Snowflakes, diamonds, rubies, opals, jade, sapphire, pearls and even humble common salt are all examples of these normal crystals. You might have the names of a hundred more gemstones and semi-precious rocks that you can add to this list. Nature is the original and greatest artist on Earth, a marvelous creator of complex, yet splendid entities.
These crystals might be particularly attractive thanks to their translucent hues or radiance, but their true worth can only be observed microscopically. Crystalline solids are composed of intricate, geometrically oriented structures of adjoining atoms, ions or molecules. These are a highly ordered assembly of microscopic structures called crystal lattices. These structures repeat and extend periodically in all directions, remaining un-phased by time, thus remaining in an equilibrium phase, hence the name.
Time crystals can be considered one of the coolest things that physics has chanced upon. They are a gateway to a whole new world of ‘non-equilibrium’ phases that are entirely different from anything researchers have studied in the past.
Unlike the regular space/normal crystals, which have a regular and repeated arrangement of atoms or molecules in space, a time crystal is, as one might expect, an arrangement of atoms or molecules that form a regular, repeated pattern in time. They will stay in one configuration for a while, then flip to another, back and forth in an endless cycle.
What does this mean?
Physical laws revolve around symmetries; moments of action create an equal reaction, regardless of the environment. This is fundamental Newtonian Physics, the foundational laws that govern how we perceive the universe.
Scientists wondered whether molecules could break the traditional time-translated symmetry that regulates the laws responsible for creating crystals. Normal crystals, like quartz and common salt, are three-dimensionally configured crystals. Their atoms/molecules are arranged in a predictable and periodic system.

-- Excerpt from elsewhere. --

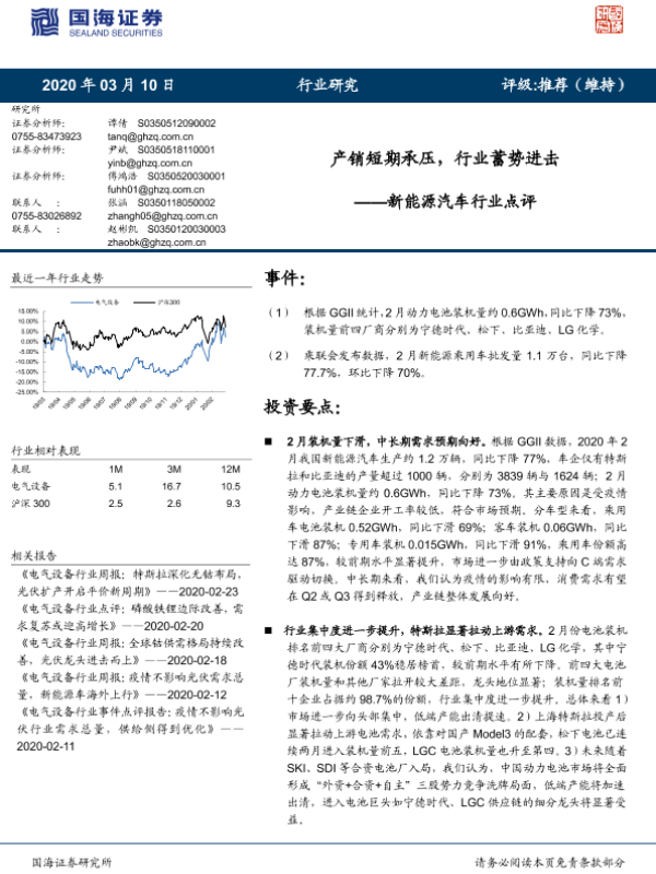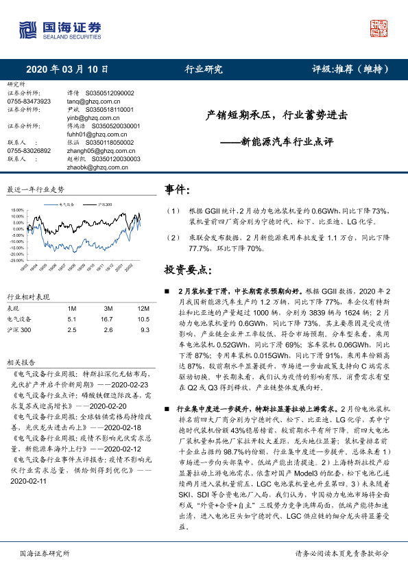 【国海证券】【20200310】20200310-国海证券-新能源汽车行业点评:产销短期承压,行业蓄势进击-6页

Time crystals, on the other hand, are different at the atomic level. Their atoms spin periodically, changing directions as a pulsating force flips them, quite literally, like an old grandfather clock.
A remarkable type of matter
A time crystal can be regarded as an assemblage of quantum particles that are continually changing and never reaching a steady state. Such a system draws stability from random interactions that would typically disrupt other kinds of matter.
The known laws of physics apply equally and symmetrically to all points in space and time. However, certain systems violate that symmetry. In a magnet, atomic spins line up, rather than pointing ambiguously in all directions. Similarly, in mineral crystals, atoms occupy specific positions in space, but after some slight jolts, the crystal may no longer maintain its symmetry in space. When a transformation causes structural properties to change, physicists call it symmetry-breaking, and it is everywhere in our not-so-perfect natural world.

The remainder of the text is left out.